### Task to carry out
Lines to return, exactly: from the line with "袁姗姗才为三年前的言论说念歉,被指蹭热度。" to the line with "Dengan demikian apabila" in the entries below, both included.

### Task material

----

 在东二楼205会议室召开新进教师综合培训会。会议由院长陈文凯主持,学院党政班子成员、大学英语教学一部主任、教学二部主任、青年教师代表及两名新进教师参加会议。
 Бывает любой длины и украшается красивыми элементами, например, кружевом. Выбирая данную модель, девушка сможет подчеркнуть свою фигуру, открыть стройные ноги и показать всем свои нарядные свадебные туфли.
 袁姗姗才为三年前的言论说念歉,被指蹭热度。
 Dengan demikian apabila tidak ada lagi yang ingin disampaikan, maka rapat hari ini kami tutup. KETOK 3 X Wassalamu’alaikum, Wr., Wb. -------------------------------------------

----

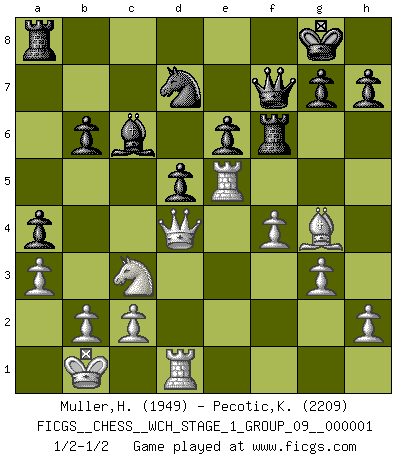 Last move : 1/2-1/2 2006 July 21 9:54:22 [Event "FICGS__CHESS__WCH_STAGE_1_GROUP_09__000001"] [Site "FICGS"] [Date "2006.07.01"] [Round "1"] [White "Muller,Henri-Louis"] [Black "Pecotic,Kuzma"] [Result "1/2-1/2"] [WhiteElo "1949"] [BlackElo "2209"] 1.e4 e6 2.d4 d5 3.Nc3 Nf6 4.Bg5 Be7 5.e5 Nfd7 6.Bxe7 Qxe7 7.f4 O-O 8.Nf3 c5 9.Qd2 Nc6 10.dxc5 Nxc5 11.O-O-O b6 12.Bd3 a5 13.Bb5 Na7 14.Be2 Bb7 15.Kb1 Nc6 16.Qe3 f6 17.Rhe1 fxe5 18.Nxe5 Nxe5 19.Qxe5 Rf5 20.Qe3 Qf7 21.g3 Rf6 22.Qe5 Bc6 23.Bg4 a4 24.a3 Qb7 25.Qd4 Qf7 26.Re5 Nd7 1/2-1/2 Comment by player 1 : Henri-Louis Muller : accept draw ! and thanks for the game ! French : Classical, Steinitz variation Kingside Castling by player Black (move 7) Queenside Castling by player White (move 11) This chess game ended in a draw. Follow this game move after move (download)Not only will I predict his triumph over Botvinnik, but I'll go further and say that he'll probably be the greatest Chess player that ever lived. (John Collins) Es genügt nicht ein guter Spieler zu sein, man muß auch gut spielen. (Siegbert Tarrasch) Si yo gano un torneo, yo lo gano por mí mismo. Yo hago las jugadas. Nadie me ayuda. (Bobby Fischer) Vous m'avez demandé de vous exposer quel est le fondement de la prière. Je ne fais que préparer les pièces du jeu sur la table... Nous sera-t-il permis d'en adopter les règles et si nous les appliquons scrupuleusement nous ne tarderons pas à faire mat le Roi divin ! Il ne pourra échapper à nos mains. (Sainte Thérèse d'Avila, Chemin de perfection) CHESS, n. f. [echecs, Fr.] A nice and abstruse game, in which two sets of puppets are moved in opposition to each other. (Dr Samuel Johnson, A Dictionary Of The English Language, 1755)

----

### Expected answer
 袁姗姗才为三年前的言论说念歉,被指蹭热度。
 Dengan demikian apabila tidak ada lagi yang ingin disampaikan, maka rapat hari ini kami tutup. KETOK 3 X Wassalamu’alaikum, Wr., Wb. -------------------------------------------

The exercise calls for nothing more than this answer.